Когда прибежали дети, шумные, звонкоголосые, быстрые и светлые, как капельки разбежавшейся ртути, Кусака замерла от страха и беспомощного ожидания: она знала, что, если теперь кто-нибудь ударит её, она уже не в силах будет впиться в тело обидчика своими острыми зубами — у неё отняли её непримиримую злобу. И когда все наперерыв стали ласкать её, она долго ещё вздрагивала при каждом прикосновении ласкающей руки, и ей больно было от непривычной ласки, словно от удара.


III

Всею своею собачьей душою расцвела Кусака. У неё было имя, на которое она стремглав неслась из зелёной глубины сада; она принадлежала людям и могла им служить. Разве не достаточно этого для счастья собаки?

С привычкою к умеренности, создавшеюся годами бродячей, голодной жизни, она ела очень мало, но и это малое изменило её до неузнаваемости: длинная шерсть, прежде висевшая рыжими, сухими космами и на брюхе вечно покрытая засохшею грязью, очистилась, почернела и стала лосниться, как атлас.

И когда она от нечего делать выбегала к воротам, становилась у порога и важно осматривала улицу вверх и вниз, никому уже не приходило в голову дразнить её или бросить камнем.

Но такою гордою и независимою она бывала только наедине. Страх не совсем ещё выпарился огнём ласк из её сердца, и всякий раз при виде людей, при их приближении, она терялась и ждала побоев. И долго ещё всякая ласка казалась ей неожиданностью, чудом, которого она не могла понять и на которое она не могла ответить. Она не умела ласкаться. Другие собаки умеют становиться на задние лапки, тереться у ног и даже улыбаться и тем выражают свои чувства, но она не умела.

Единственно, что могла Кусака, это упасть на спину, закрыть глаза и слегка завизжать. Но этого было мало, это не могло выразить её восторга, благодарности и любви, — и с внезапным наитием Кусака начала делать то, что, быть может, когда-нибудь она видела у других собак, но уже давно забыла. Она нелепо кувыркалась, неуклюже прыгала и вертелась вокруг самой себя, и её тело, бывшее всегда таким гибким и ловким, становилось неповоротливым, смешным и жалким.

— Мама, дети! Смотрите, Кусака играет! — кричала Лёля и, задыхаясь от смеха, просила: — Ещё, Кусачка, ещё! Вот так! Вот так!..

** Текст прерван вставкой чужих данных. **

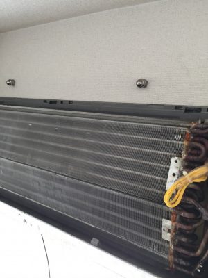洗浄前の熱交換器です、全体的にカビとホコリで汚れています。

И все собирались и хохотали, а Кусака вертелась, кувыркалась и падала, и никто не видел в её глазах странной мольбы. И как прежде на собаку кричали и улюлюкали, чтобы видеть её отчаянный страх, так теперь нарочно ласкали её, чтобы вызвать в ней прилив любви, бесконечно смешной в своих неуклюжих и нелепых проявлениях.

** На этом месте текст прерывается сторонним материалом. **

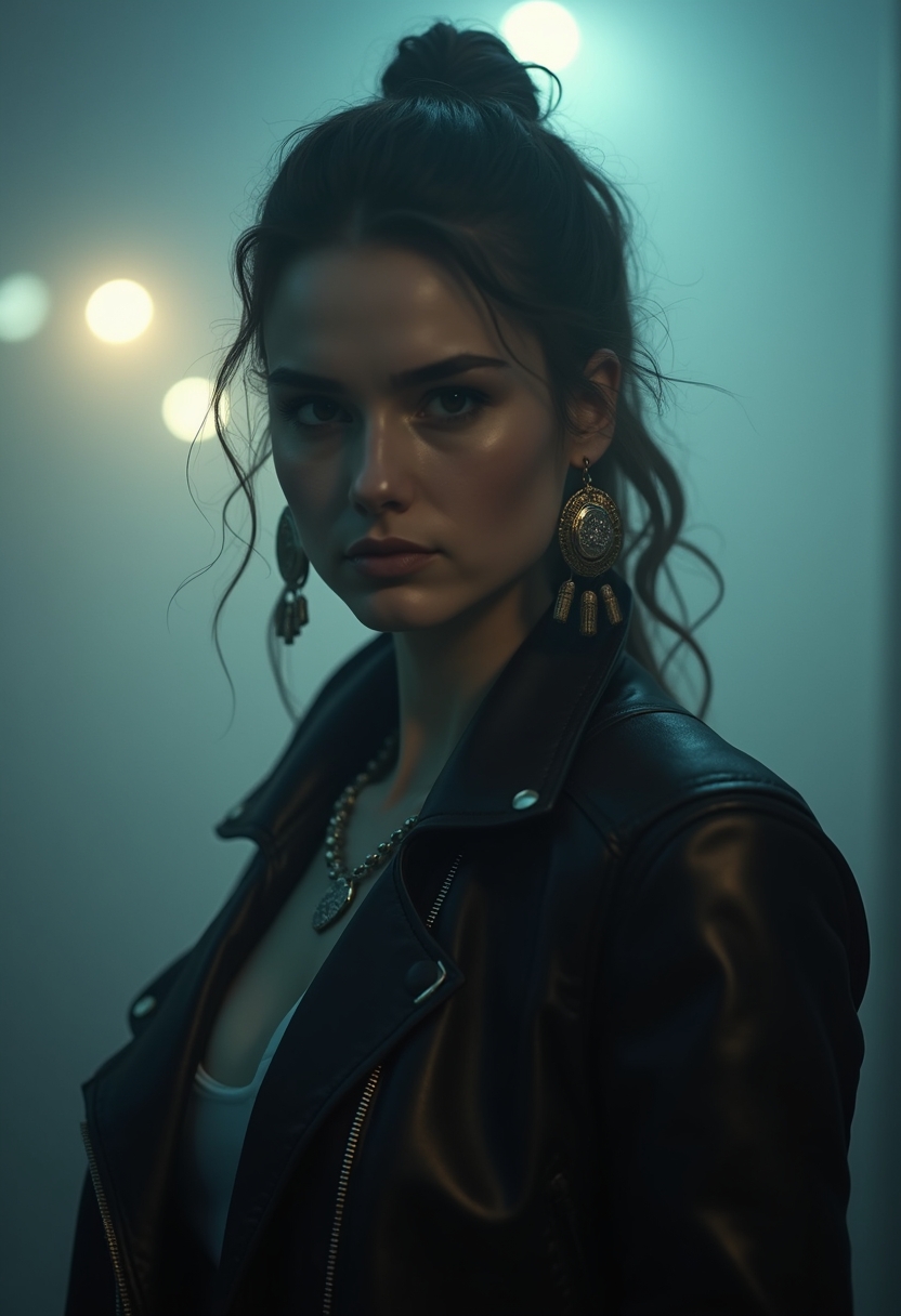 Женщина в кожаной куртке и массивных серьгах стоит в тумане, сквозь который просвечивают слабые огни. Её лицо крупным планом, взгляд направлен прямо в камеру, выражение лица дерзкое. Освещение мягкое, акцент на её силуэте.

Не проходило часа, чтобы кто-нибудь из подростков или детей не кричал:

— Кусачка, милая Кусачка, поиграй!

И Кусачка вертелась, кувыркалась и падала при несмолкаемом весёлом хохоте.

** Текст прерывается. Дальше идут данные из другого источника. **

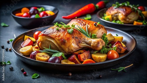 Minimalist Black Plate: Roasted Chicken & Seasonal Vegetables

Её хвалили при ней и за глаза и жалели только об одном, что при посторонних людях, приходивших в гости, она не хочет показать своих штук и убегает в сад или прячется под террасой.

Постепенно Кусака привыкла к тому, что о пище не нужно заботиться, так как в определённый час кухарка даст ей помоев и костей, уверенно и спокойно ложилась на своё место под террасой и уже искала и просила ласк. И отяжелела она: редко бегала с дачи и, когда маленькие дети звали её с собой в лес, уклончиво виляла хвостом и незаметно исчезала. Но по ночам всё так же громок и бдителен был её сторожевой лай.

IV

Жёлтыми огнями загорелась осень, частыми дождями заплакало небо, и быстро стали пустеть дачи и умолкать, как будто непрерывный дождь и ветер гасили их, точно свечи, одну за другой.

— Как же нам быть с Кусакой? — в раздумье спрашивала Лёля.

Она сидела, охватив руками колени, и печально глядела в окно, по которому скатывались блестящие капли начавшегося дождя.

— Что у тебя за поза, Лёля! Ну кто так сидит? — сказала мать и добавила: — А Кусаку придётся оставить. Бог с ней!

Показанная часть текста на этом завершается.